| RECORDED DATA |
::::::::

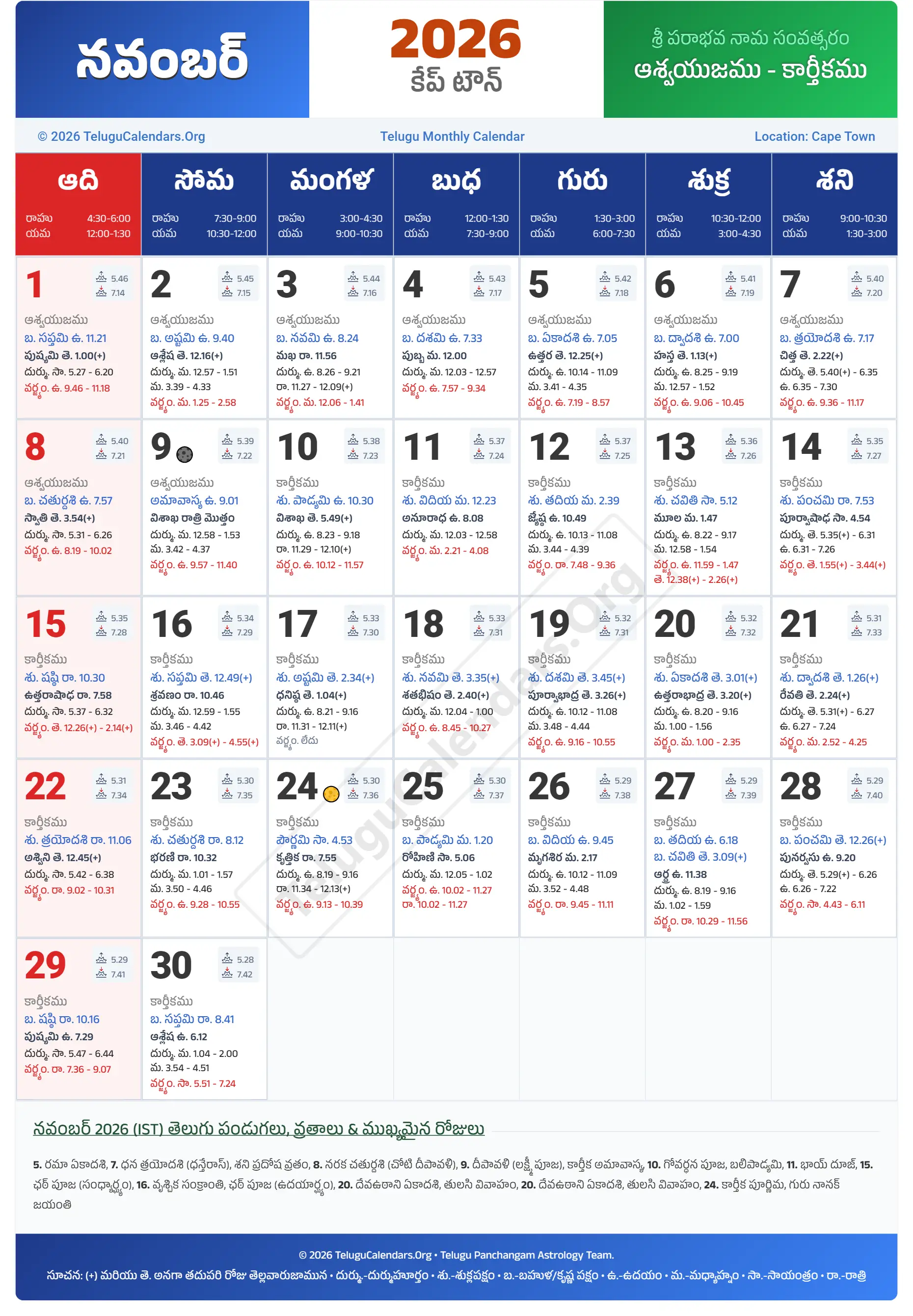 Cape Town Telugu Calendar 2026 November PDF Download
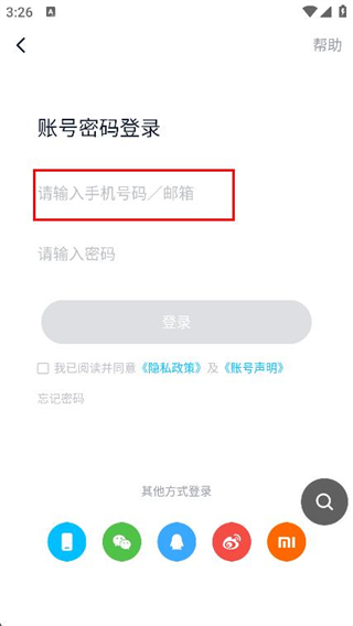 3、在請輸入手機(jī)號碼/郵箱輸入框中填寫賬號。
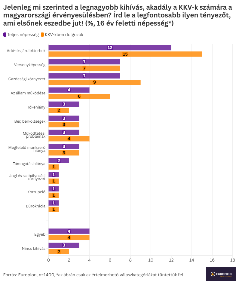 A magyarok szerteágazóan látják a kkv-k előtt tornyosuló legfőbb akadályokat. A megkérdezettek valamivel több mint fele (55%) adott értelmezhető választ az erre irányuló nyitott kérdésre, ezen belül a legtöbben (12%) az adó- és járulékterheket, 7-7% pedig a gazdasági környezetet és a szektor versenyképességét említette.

::::::::

| WHAT YOU ARE ASKED TO DO |
In the data above, find the line containing "3、在請輸入手機(jī)號碼/郵箱輸入框中填寫賬號。"; from there, please write out each line through the end, exactly, with the pictures omitted.

| TASK OUTPUT |
 3、在請輸入手機(jī)號碼/郵箱輸入框中填寫賬號。
 A magyarok szerteágazóan látják a kkv-k előtt tornyosuló legfőbb akadályokat. A megkérdezettek valamivel több mint fele (55%) adott értelmezhető választ az erre irányuló nyitott kérdésre, ezen belül a legtöbben (12%) az adó- és járulékterheket, 7-7% pedig a gazdasági környezetet és a szektor versenyképességét említette.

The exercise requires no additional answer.